You expect for lots of questions to come your way during the interview but are you prepared for your interview to be a two-way street? Preparing a set of questions you can ask the hiring manager at the end of an interview will show your interest in the role and company, but it's also the prime opportunity to find out if the job is right for you.
Not having any questions makes you look unprepared and uninterested, so make sure you research the company and take a note of topics you can ask about. Your best bet is to prepare at least four questions in case some are answered during the interview or you forget any.
Here are a few suggestions what to ask when it’s your turn to call the shots.
Have I answered all your questions? – This gives you a good chance to clarify any questions or doubts the interviewer still has. You can also expand on answers you may have given during the interview and it will give you a good idea of how you’re doing so far.
What is your company culture like? – It’s a good idea to find out what the company’s philosophy is and if you can see yourself fitting into their environment.
What are the day to day responsibilities of this job? – Hopefully this will shed some light on what your day to day in your new job would look like and if it sounds like something you want to be doing.

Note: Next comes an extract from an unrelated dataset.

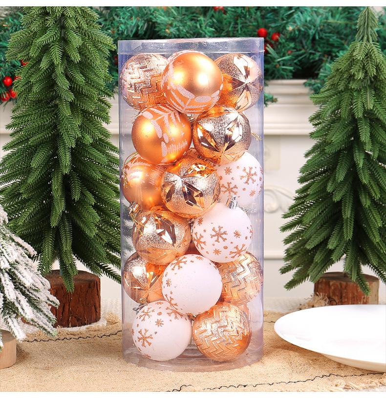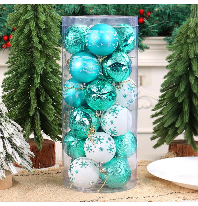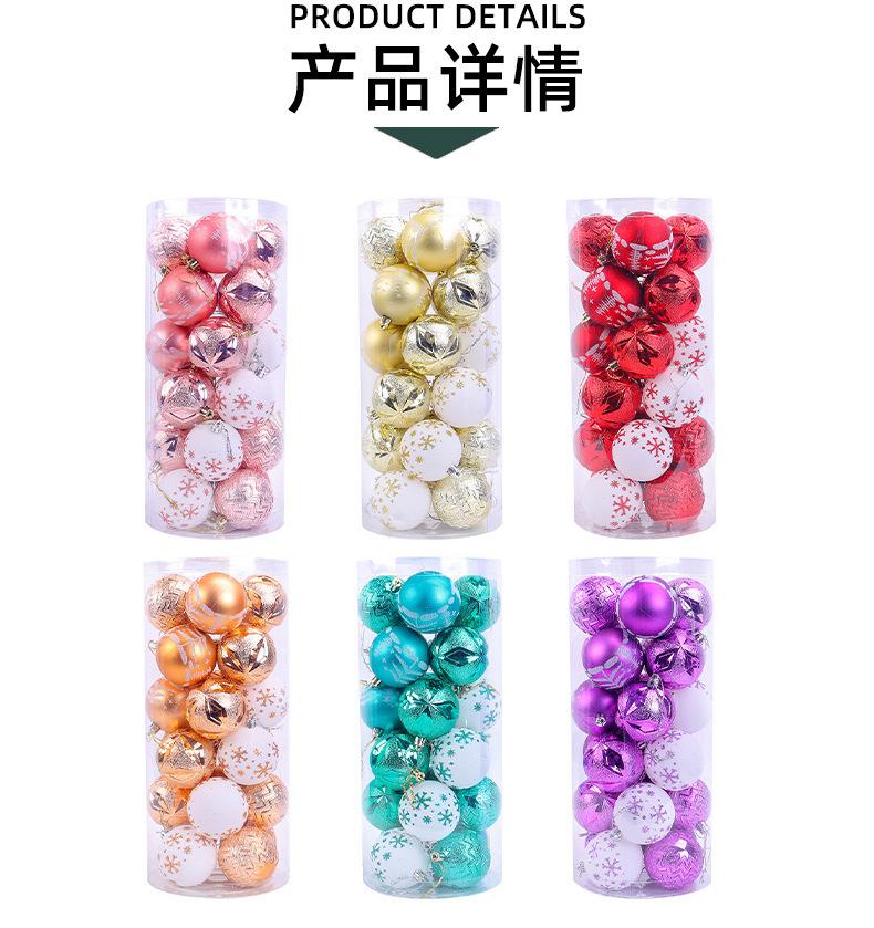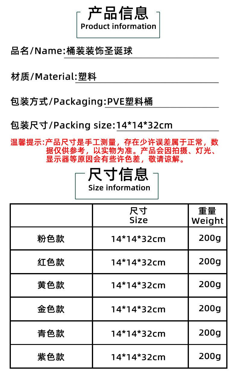 Bola navideña transfronteriza pintada a mano con forma de bola de plástico galvanizado, colgante de bola de árbol de Navidad con forma de barril.
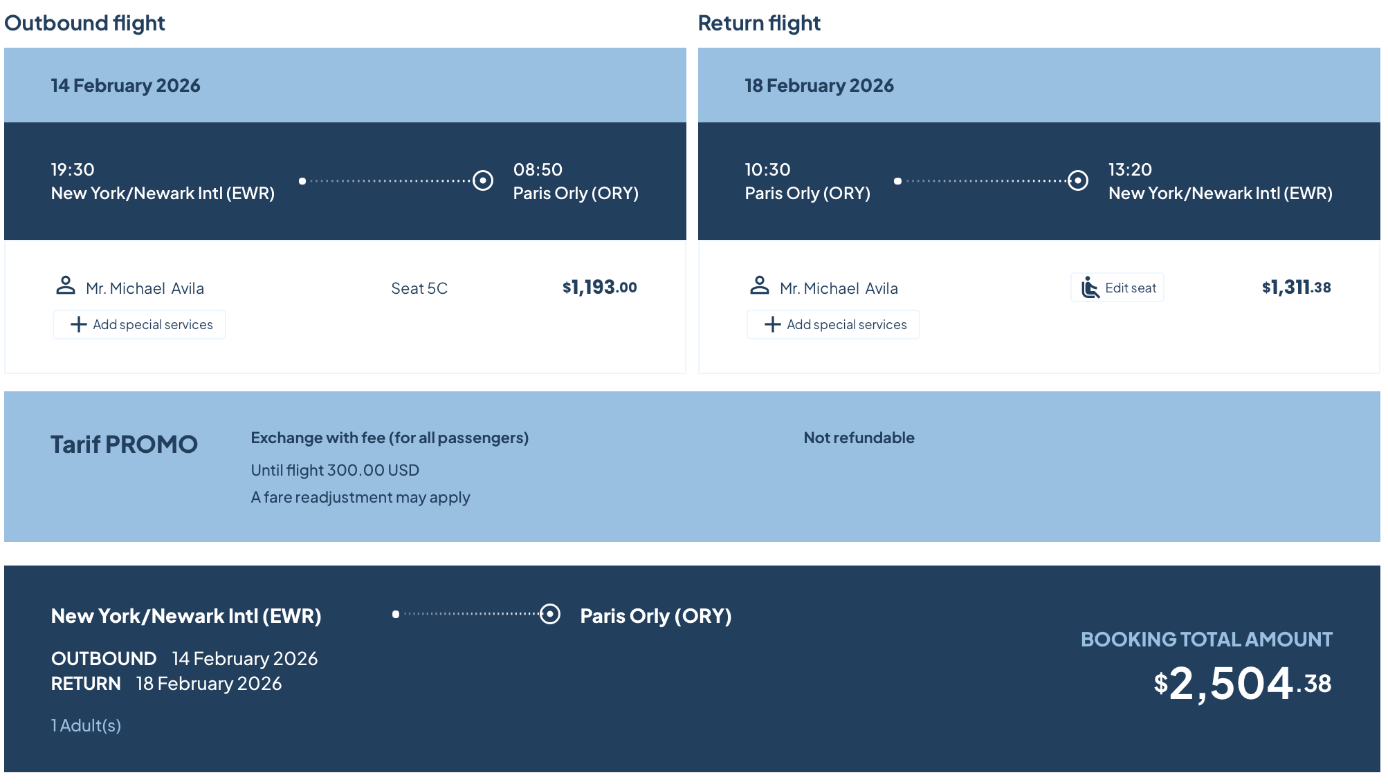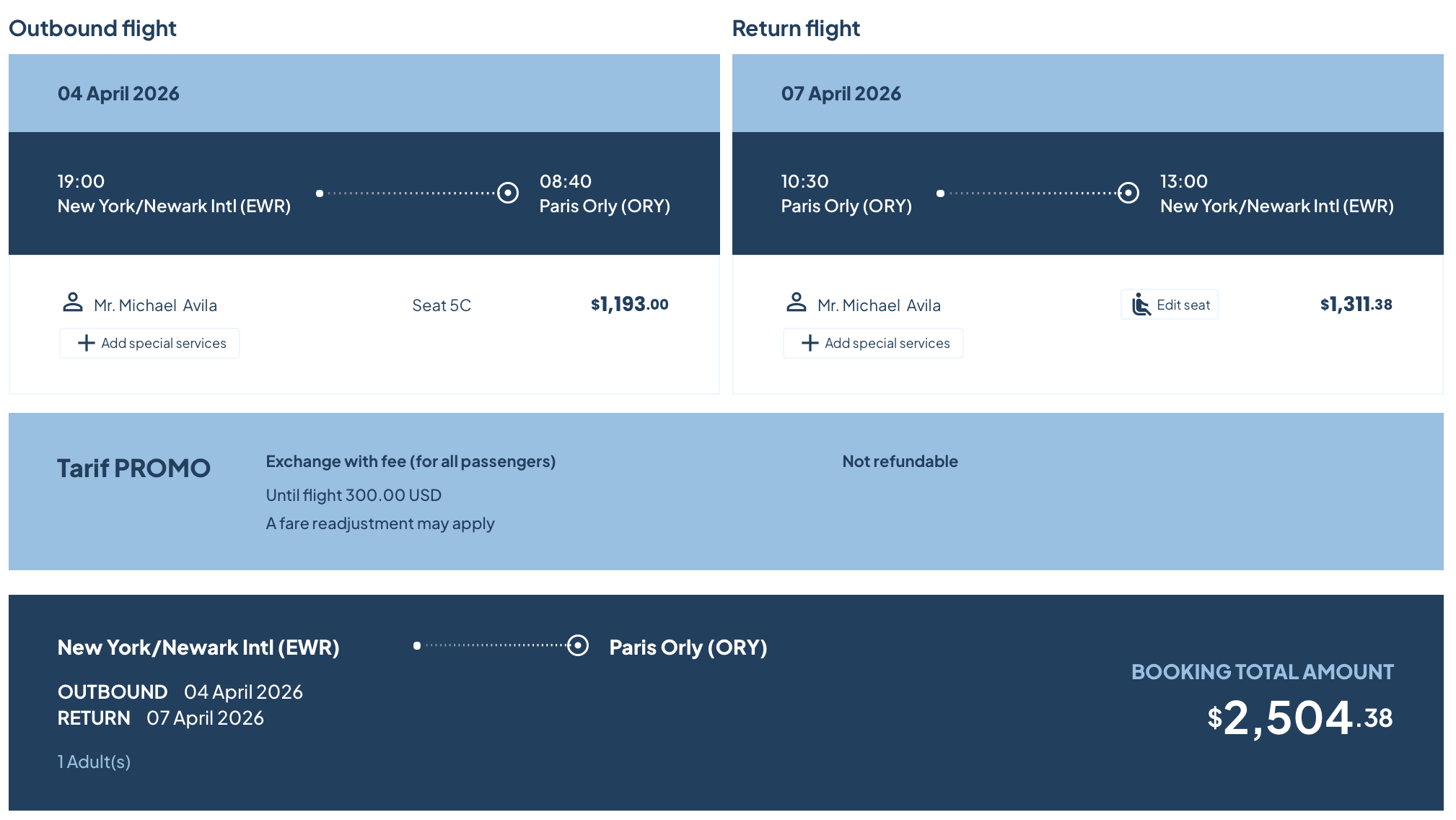 - EWR-ORY: From $2,504 round-trip

What are your expectations for this role during the first 30 days, 60 days, year? – Find out what expectations they have for the role to see if it aligns with what you’re looking for in your new role.
What are the biggest challenges you’re facing? – Asking about their challenges not only makes them think but also is a way of uncovering trends and issues in the industry.
Who do you consider to be your major competitor? – You should have already researched the company’s competitors but getting your interviewer’s insights can be useful and could be different from the information available on the internet.
What are the challenges of this position? – This question will help you identify areas the role will be focussing on over the next months.
What qualities are the most important for doing well and advancing at this company? – This question can uncover information that’s not in the job description and gives you a chance to show you’re a good fit for the team.
Is this a new position? If not, why did the person before me leave this role? – Asking this will uncover what happened to the person doing the job before and why and how they left.
If you had to sum up the company in three words what would they be? – This can give you an interesting and spontaneous insight into what the company is really like and gets the interviewer thinking.
What do you like best about working for this company? – Asking your interviewer about their personal experience at the company is a great way to gain insight into the company and to make a more personal connection. Watch for any tell tale signs here in their expression or body language that might indicate some issues or underlying negativity.
Where is the company headed in the next 5 years and how can I grow in this job? – Find out if the company is growing and if there is room for you to progress your career over the coming years.
Can you tell me a bit about the team I would be working with? – Some companies will volunteer this information and even introduce you to the people you’d be working with during the interview process. If not, it’s a good idea to clarify what the team looks like and what the pecking order is.
What are the next steps in the interview process? – This is a great way of finding out how many stages are left in the hiring process and clarifies when you can expect to hear from them.